Download or read book A People Apart written by David Vital and published by Oxford University Press. This book was released on 2001-07-26 with total page 970 pages. Available in PDF, EPUB and Kindle. Book excerpt: This history of the Jews in Europe examines the role played by the Jews themselves, across the whole of Europe, during the century and a half leading up to the birth of the nation of Israel, and the state-sponsored genocide of the Holocaust.

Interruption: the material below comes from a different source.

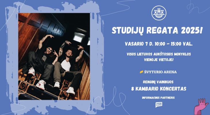Studijų regata 2025 – jau dešimtus metus organizuojama studijų mugė skirta 8-12 kl. moksleiviams Klaipėdos mieste! Tai puiki proga susipažinti su studijų galimybėmis, pakalbinti aukštųjų bei profesinių mokyklų atstovus dominančiais klausimais ir jau nuo dabar pradėti dėlioti ateities planus.
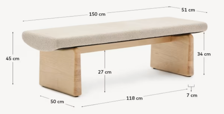 The structure made of solid beech wood with a natural finish highlights the timeless character of the bench and ensures the durability of the construction. The medium-sized seat offers comfort for everyday use, while the subtle finishing details add elegance to the whole. The Topaz bench is designed in the spirit of responsible design – made from FSC™ 100% certified materials and environmentally friendly fabric, perfect for the hallway, bedroom, or relaxation area.

Download or read book The Modernity of Others written by Ari Joskowicz and published by Stanford University Press. This book was released on 2013-11-06 with total page 388 pages. Available in PDF, EPUB and Kindle. Book excerpt: The most prominent story of nineteenth-century German and French Jewry has focused on Jewish adoption of liberal middle-class values. The Modernity of Others points to an equally powerful but largely unexplored aspect of modern Jewish history: the extent to which German and French Jews sought to become modern by criticizing the anti-modern positions of the Catholic Church. Drawing attention to the pervasiveness of anti-Catholic anticlericalism among Jewish thinkers and activists from the late eighteenth to the early twentieth century, the book turns the master narrative of Western and Central European Jewish history on its head. From the moment in which Jews began to enter the fray of modern European politics, they found that Catholicism served as a convenient foil that helped them define what it meant to be a good citizen, to practice a respectable religion, and to have a healthy family life. Throughout the long nineteenth century, myriad Jewish intellectuals, politicians, and activists employed anti-Catholic tropes wherever questions of political and national belonging were at stake: in theoretical treatises, parliamentary speeches, newspaper debates, the founding moments of the Reform movement, and campaigns against antisemitism.
Download or read book Jewish Identity in Modern Art History written by Catherine M. Soussloff and published by Univ of California Press. This book was released on 1999-03-31 with total page 258 pages. Available in PDF, EPUB and Kindle. Book excerpt: The book asks all the right questions about society, culture, religion and art.